Hashimoto’s point is that this makes Rust expendable too. “It’s useful until it’s not then it can be thrown out,” he wrote. If you can rewrite your core product that quickly, language choice becomes a tactical decision instead of a strategic one.

The conference story

Simon Willison picked up on this and shared a related anecdote. He was at a conference last week talking to someone from a medium-sized tech company with legacy iPhone and Android apps. They’d just finished an agent-driven rewrite of both apps to React Native.

The interesting part isn’t that they rewrote the apps. It’s why. Willison asked the obvious question: if coding agents make it cheaper to maintain separate native codebases, why move to React Native at all?

The answer isn’t in the post, but the question is the point. We’re used to thinking about cross-platform frameworks as a way to avoid duplicate work. But if AI can handle the duplicate work cheaply, maybe the calculus changes. Or maybe it doesn’t, and React Native still wins for other reasons. Either way, companies are running the experiment.

What this actually means

If you’re picking a language for a new project right now, this should matter to you. Not because you’re going to rewrite your codebase every quarter, but because the risk profile of language choice is changing.

Used to be that picking the wrong language meant years of technical debt. You’d be stuck with it until you had the resources for a rewrite, which might be never. Now the risk is more like picking the wrong framework. Still annoying to change, but not a decade-long commitment.

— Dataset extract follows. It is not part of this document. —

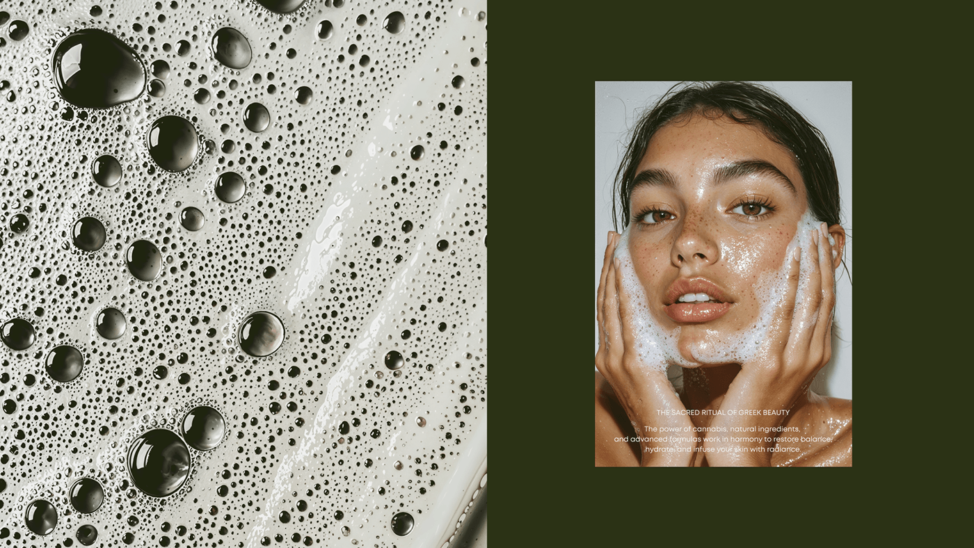 色调与材质:以低饱和的橄榄绿、浅米色为主,搭配磨砂瓶身 / 哑光纸盒,既呼应天然草本的质感,又传递古希腊美学的克制优雅;

The Rust compiler team is apparently feeling this too. There’s an open pull request adding an LLM policy to rust-forge. The details matter less than the fact that they’re thinking about it. When a language’s core team is setting policy around AI-assisted development, that’s a signal about where things are going.

Who should care

If you’re starting a new project and agonizing over language choice, maybe agonize a little less. Pick something that works for your team right now. The future cost of being wrong is probably lower than you think.

If you’re maintaining a large codebase in a language your team doesn’t love anymore, the math on a rewrite might have changed. Not saying you should do it, but the cost-benefit analysis isn’t what it was two years ago.

If you’re a language designer, you’re competing on different terms now. Developer experience and ecosystem still matter, maybe more than before. But “we’ve already invested too much to switch” is becoming a weaker moat.

Who can ignore this

If you’re writing code that ships every few years and changing languages would require recertification or regulatory approval, you’re still locked in. Same if your codebase is entangled with platform-specific APIs that don’t map cleanly across languages.

And if you’re on a team that’s productive in your current language and not hitting any walls, there’s no reason to rewrite anything. The ability to switch languages easily doesn’t mean you should. It just means the decision is more reversible than it used to be.

The Bun rewrite is interesting because it’s not a proof of concept. It’s a production runtime that people actually use, and they rewrote it in the time it used to take to argue about whether to rewrite it. That’s the part that’s new.